Thursday, March 03, 2011

FROM THE TERRACE





From the Terrace, John O'Hara, Random House, 1958, 897 pp



 This was the longest book I had read in a while. It took me a week to get through and has such a sad ending that, at the moment of finishing the last page, I was so angry at John O'Hara I had to have a stiff whiskey before I went to sleep. So, reader, you are warned. If you think you know this story from seeing the 1960 film with Paul Newman and Joanne Woodward, you don't. The movie tells less than half of the story and has a happy ending.

  Alfred Eaton is the son of a father who never loved him or even barely noticed him. This is a book about the very wealthy and all of their social ways, a story of staunch Republicans from the late 1800s to early 1950s. These people are portrayed as hypocrites who give lip-service to morality and marriage but who screw each other literally and figuratively every chance they get.

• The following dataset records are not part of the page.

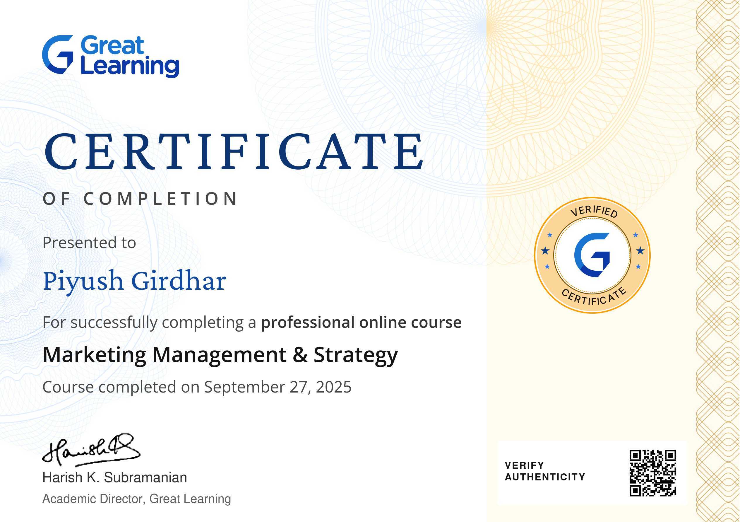 The certificate above verifies that Piyush Girdhar has successfully completed the course Marketing Management & Strategy
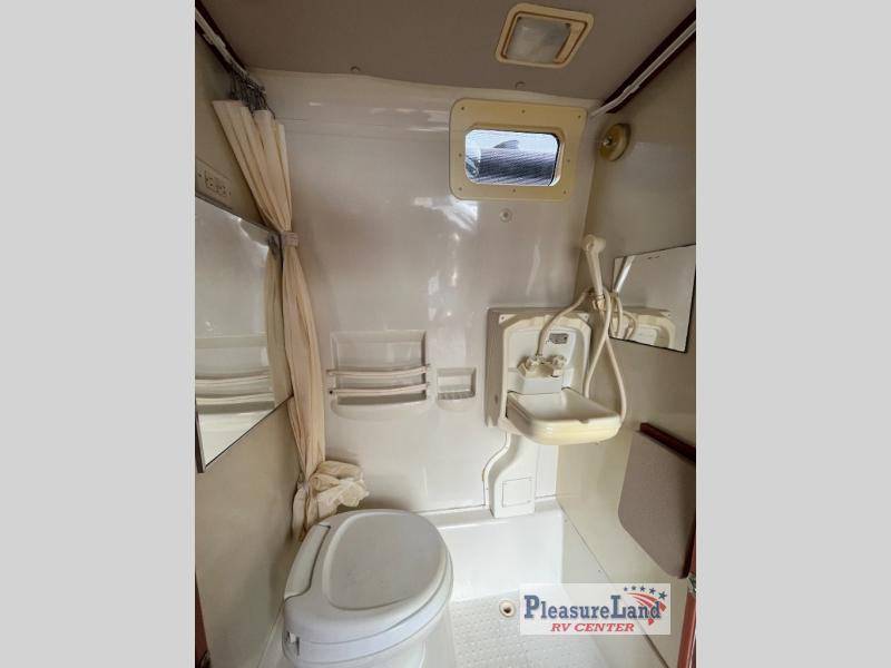 Once inside you will see how it will be very easy to enjoy any adventure you find yourself on. The driver and passenger seats swivel to the rear of the coach for convenience. Just beyond the driver's seat you will find another travel convenience, a wet bath. Inside find a shower, toilet, and vanity with mirror. A wardrobe for your hanging clothes is next, and then the refrigerator follows along the road side wall as you head to the rear of the coach.
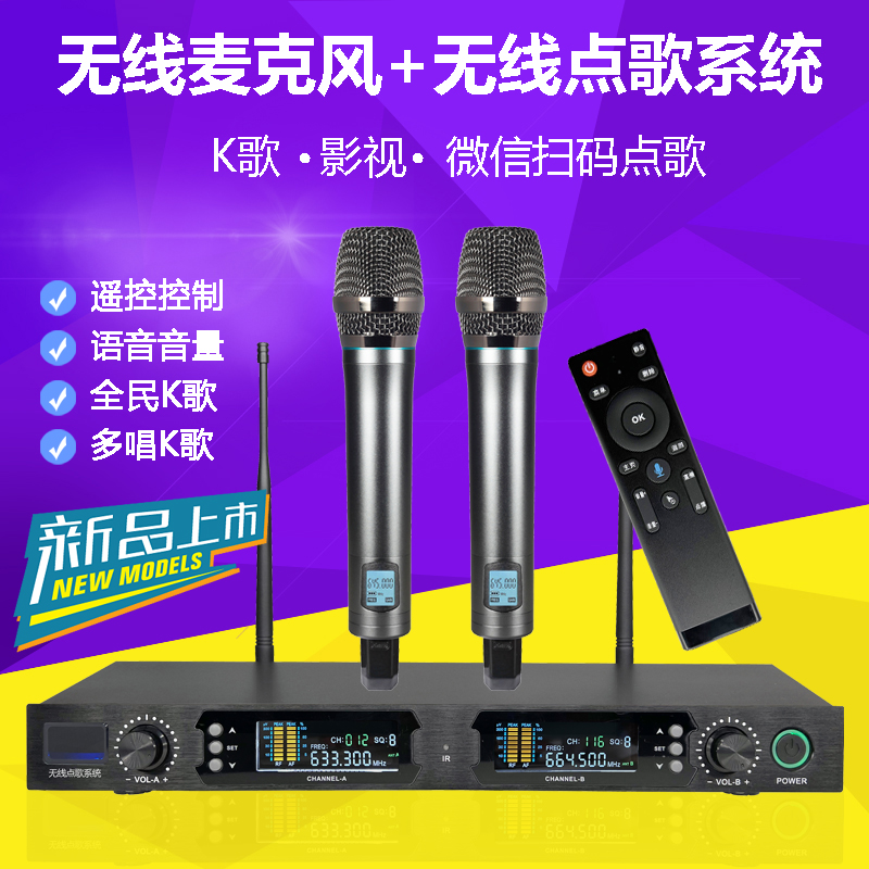New network karaoke machine U-segment FM one drag two home K song wireless microphone karaoke family microphone
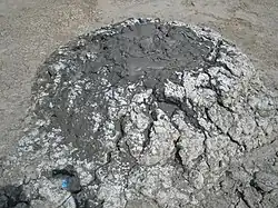 A mud volcano or mud dome is a landform created by the eruption of mud or slurries, water and gases.[1][2][3] Several geological processes may cause the formation of mud volcanoes. Mud volcanoes are not true igneous volcanoes as they do not produce lava and are not necessarily driven by magmatic activity. Mud volcanoes may range in size from less than a meter high and 1 or 2 meters across, to 700 meters tall and 10 kilometers wide.[4] Smaller mud exudations are sometimes referred to as mud-pots.

 Alfred is made out to be a fellow who overcomes his difficulties and has a sense of uprightness and honor, but in the end is a victim of the world he lives in. He has deep flaws and hurts his wife, his children and his lover as much as his father hurt him. O'Hara has you hoping all along that Alfred will make a success of his life, so I was actually angry with myself because I fell for it even though his destiny was constantly foreshadowed throughout the book.

 If you ever get nostalgic for the "good old days" and feel our current world is going to hell in a hand basket, read From the Terrace. It was ever thus and it is a wonder that we still go on.


(From the Terrace is out of print. I found it at my local library. It is also available in paperback from used booksellers.)